Gnanakirukkan: Sad lives, in a sad excuse for a movie

November 14, 2014 10:21 pm | Updated November 15, 2014 06:27 pm IST

If they made T-shirts for down-on-their-luck villagers who inhabit a certain tract of Tamil cinema, this is what the slogan would read: “Life’s a bitch. Then you end up in Chennai.” Eleyadevan’s Gnanakirukkan begins with a harrowing scene of childbirth in a nondescript village, and then the father (Ganesan, played by Daniel Balaji), who appears possessed, uproots a trident from the local shrine and holds it over the infant. Given what’s to come, this is the happy-days flashback. For a while, we seem to be in a story about the travails of the mother (I thought it was Meenal, but it’s her sister Senthi). Her elder daughter runs away. Then she’s excommunicated by the village. Then the son Perumal – the infant from earlier, now grown up and played by Jega – runs away. And there’s the husband, who just lies there, doing nothing. What’s with him, we wonder. Is he really possessed, or is he just an eccentric?

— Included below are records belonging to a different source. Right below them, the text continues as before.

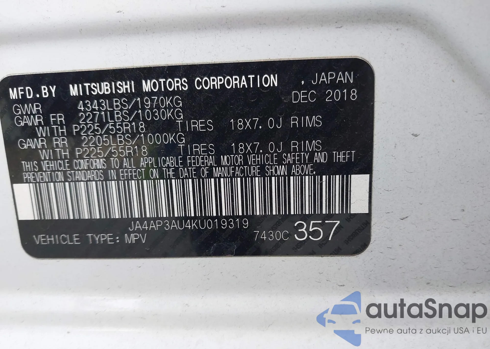 VIN: JA4AP3AU4KU019319
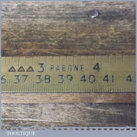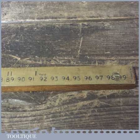 Vintage Rabone No: 1322 brass metric & imperial counter yardstick ruler mounted on a wooden base, in good used condition.
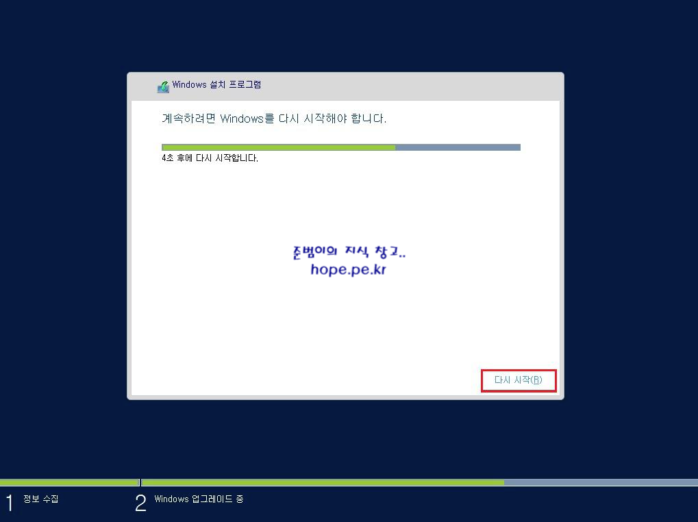 설치가 다시 시작되는 중 화면에서, 잠시 기다리면 Windows 업데이트 를 확인 및 설치 후 다음 화면으로 넘어갑니다.
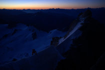 Couloir: Bergschrund lässt sich einfach überwinden. Danach nach rechts in sandiges, einfacheres Gelände. Im oberen Teil sehr hartes Eis, geht fast einfacher im Fels (Achtung vor Steinschlag für nachfolgende Seilschaften!). Das Couloir lässt sich gut im Dunkeln mit Stirnlampe klettern.

But then, bizarrely, we begin to follow Perumal’s story, after he flees to Trichy. These scenes are actually promising. We see the young boy unflinching in the face of hardship, and there’s a genuine sense of triumph when he makes some sort of life for himself. But he cannot be allowed to remain happy for too long – otherwise there’d be no movie, at least this kind of movie. So he loses his job. He loses the girl he loves. He buys a one-way ticket to Hell Chennai, and there he finds a fellow-sufferer, Sumathi (Archana Kavi). (Thambi Ramaiah is also in there somewhere, because you cannot make a movie these days where Thambi Ramaiah isn’t there somewhere.) Thereon, it’s one thing after another – there’s an attack by drunks; there’s a gang-rape; there’s a lecherous old man; Sumathi almost ends up in a brothel; she falls ill; and then we discover that her mother, back in the village, is blind. At this point, back-to-back screenings of Mahanadhi and Naan Kadavul began to look like a pick-me-up. The director strives for the lyricism of Kadhal , but you can’t get there with a battering ram.

Gnanakirukkan

Genre : Drama.

Director : Elayadevan.

Cast : Jega, Archana Kavi, Daniel Balaji.

Storyline : The travails of a mother, her son, and the woman he meets.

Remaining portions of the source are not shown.